The Best Anki Alternative for Pre-Med Students in 2026
Anki without manual card-making: Diane generates flashcards from your textbooks using AI, schedules with FSRS-5, and runs free across iOS, Android, web.
Anki is great in theory. In practice, pre-med students spend more time making cards than studying them.
Anki is the gold standard for spaced repetition — and for good reason. But if you're a sophomore drowning in orgo, a junior juggling GenBio and biochem, or a senior trying to lock in MCAT content, manual card creation is a serious time sink. Diane is built to give you the proven benefits of Anki — spaced repetition with a better algorithm — while eliminating the part that kills momentum: making cards by hand.
1. Why pre-med students burn out on Anki
The gap between "I should use Anki" and "I actually use Anki consistently" is wider than most students expect. Here's what gets in the way:
Card creation takes longer than the studying itself
The average pre-med student spends 30–60 minutes per chapter creating Anki cards before a single review happens. Over a semester of orgo, biochem, and physiology, that's 40+ hours of card-making — time that should go toward actual learning.

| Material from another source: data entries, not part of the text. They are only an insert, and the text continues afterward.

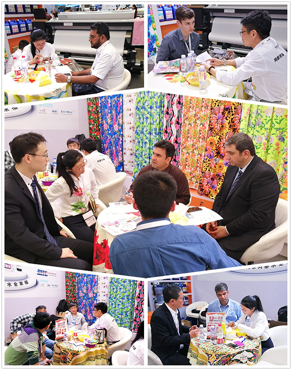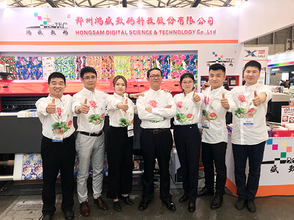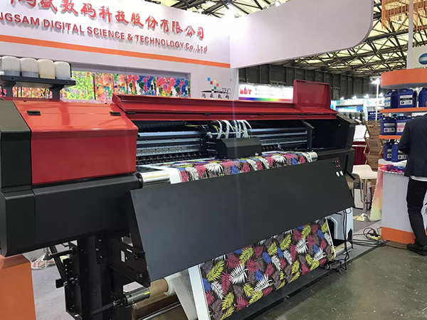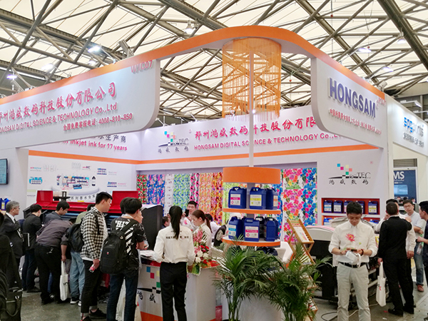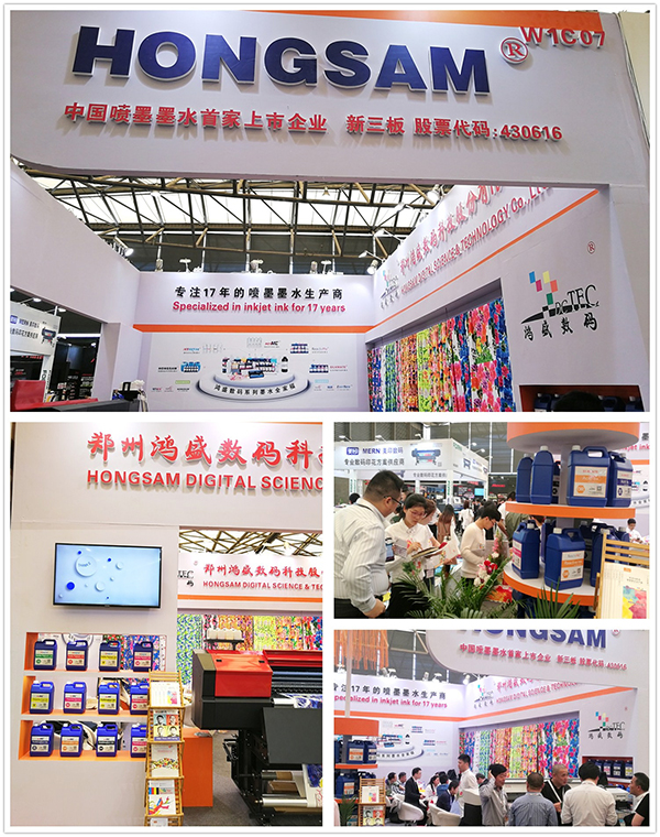 展會現場,鴻盛數碼“鴻美”高日曬熱轉印墨水配套EPSON4個5113噴頭數碼機,現場演示打印效果,色彩精湛,流暢性好。高日曬熱轉印墨水在日曬牢度和耐遷移度方面進行了細致研究,高日曬牢度,相對較好的遷移牢度,色彩艷麗、飽和度高,受到目前進出口紡織品和熱轉印客戶的青睞。
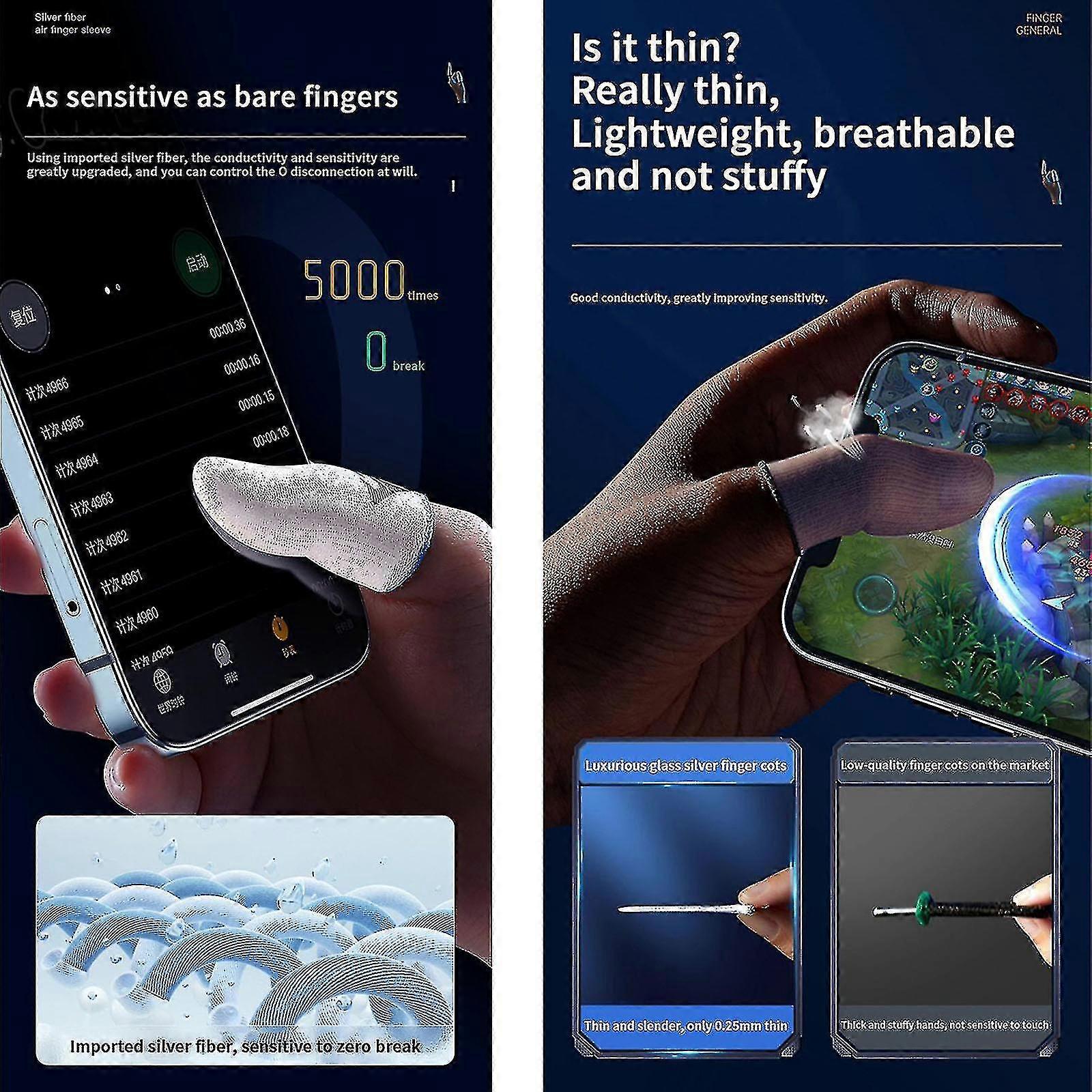 Gaming Finger Sleeves For Mobile Gaming 0.25mm Glass Silver Fiber Seamless Thumb Fingertip Cover For Pubg/cod/lol/ros
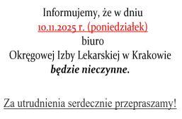 Informujemy, że w dniu 10.11.2025 r. (poniedziałek) biuro Okręgowej Izby Lekarskiej w Krakowie będzie nieczynne. Za utrudnienia serdecznie przepraszamy!
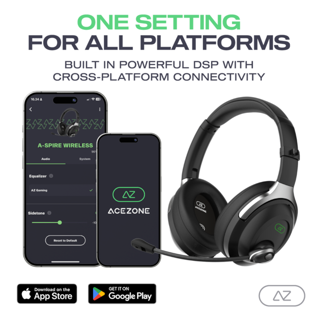 Last ned AceZone Mobil App for å utforske forskjellige innstillinger og skreddersy din lydopplevelse. Opplev de mange måtene du kan tilpasse og gjøre din gaming-lyd perfekt, med innstillinger for dem som bruker briller. Den kraftfulle integrerte DSP gjør det mulig å lagre EQ-innstillinger direkte i headsettet, uansett hvilken plattform du spiller på. Du trenger ikke installere programvare på PC-en din, da alle innstillinger styres gjennom mobilappen.
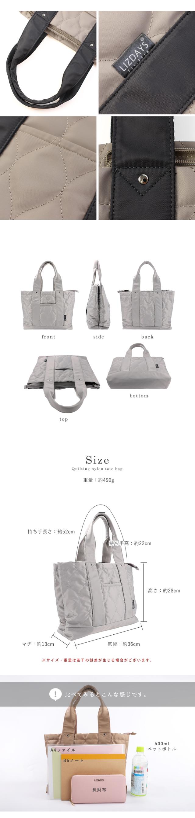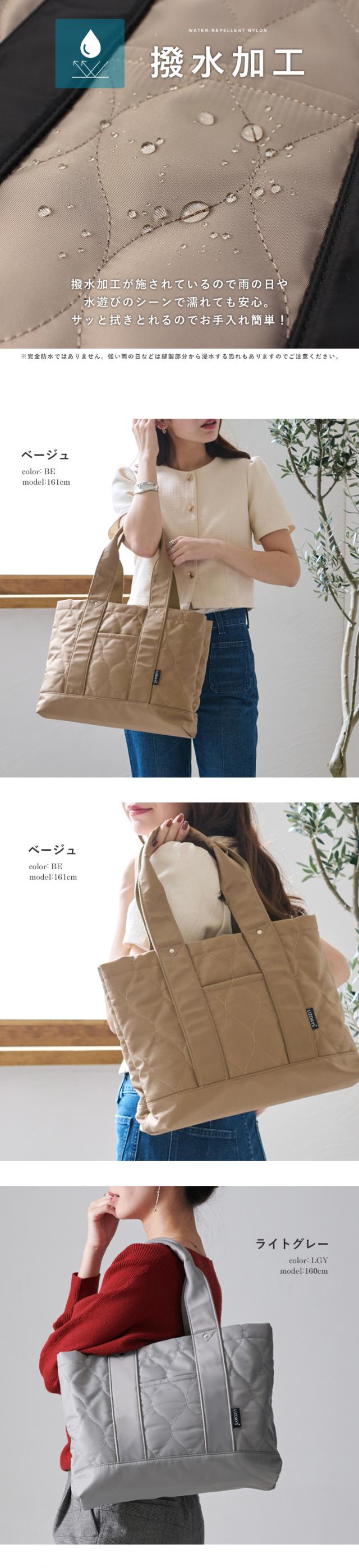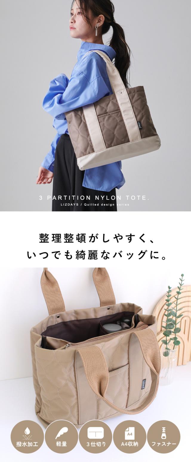 キルティング トートバッグ レディース 仕切り トート 撥水 ナイロン 大容量 A4 マザーズバッグ 軽量 ポケット 底板付き ICカード入れ 多収納 おしゃれ LIZDAYS リズデイズ 大人 ナイロントート 肩掛け 通勤 通学 お出かけ【lz-51501r】
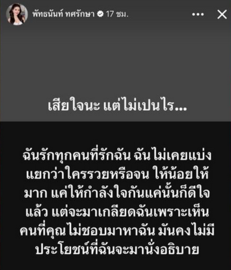 ฉันรักทุกคนที่รักฉัน ฉันไม่เคยแบ่ง แยกว่าใครรวยหรือจน ให้น้อยให้ มาก แค่ให้กำลังใจกันแค่นั้นก็ดีใจ แล้ว แต่จะมาเกลียดฉันเพราะเห็น คนที่คุณไม่ชอบมาหาฉัน มันคงไม่มี ประโยชน์ที่ฉันจะมานั่งอธิบาย
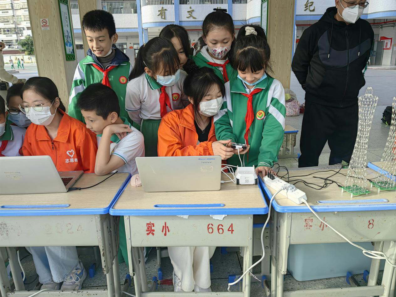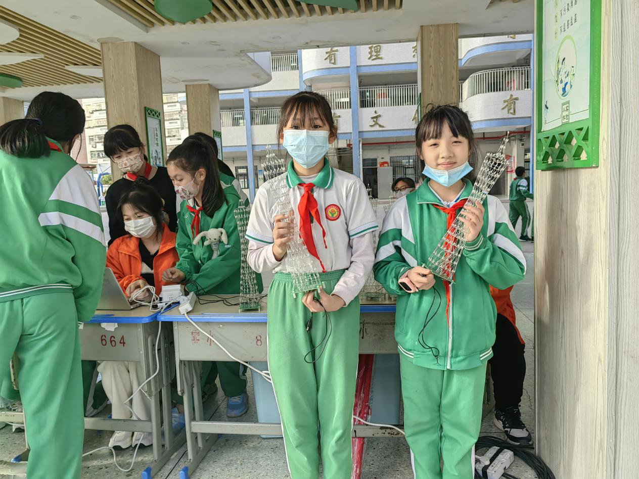 与此同时,随着手起、手落“起舞”的无人机,通过一段积木式编程即可控制微笑、舞蹈的互动机器人,一排排炫目多彩的“广州塔”吸引着同学们的目光。在科技体验区,同学们踊跃参与,体验科技的魅力。科技体验带来的不仅是新奇和欢乐,这种科技进步的发展更是让同学们对未来生活产生无限遐想,也对未来自主进行创新活动充满信心。
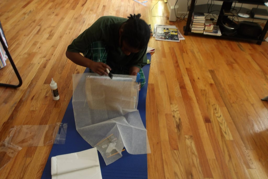 The artist turned bookbinder adheres the muslin to the spine using PH neutral glue, an action to be followed up by gluing the archival tissue paper on top to further secure the signatures.
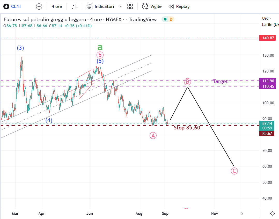 L’onda (4) ci ha fatto dannare per poi trasformarsi in un triangolo giunto all’ultimo segmento di onda D. L’onda E dovrebbe infine riportare i prezzi sui livelli attuali per poi lanciare l’onda (5). Vediamo se giocarci un terzo lotto da quelle parti..

Pre-made decks (Anking) don't match your course
Anking is excellent for USMLE prep — but your professor's orgo syllabus or your university's GenBio exams don't map 1:1 to Anking cards. You end up reviewing content you don't need while missing exactly what's on your exam.
The add-on ecosystem is overwhelming
To unlock FSRS scheduling, image occlusion, or advanced stats in Anki, you need the right add-ons — which break between Anki versions, conflict with each other, and require troubleshooting sessions before you've reviewed a single card.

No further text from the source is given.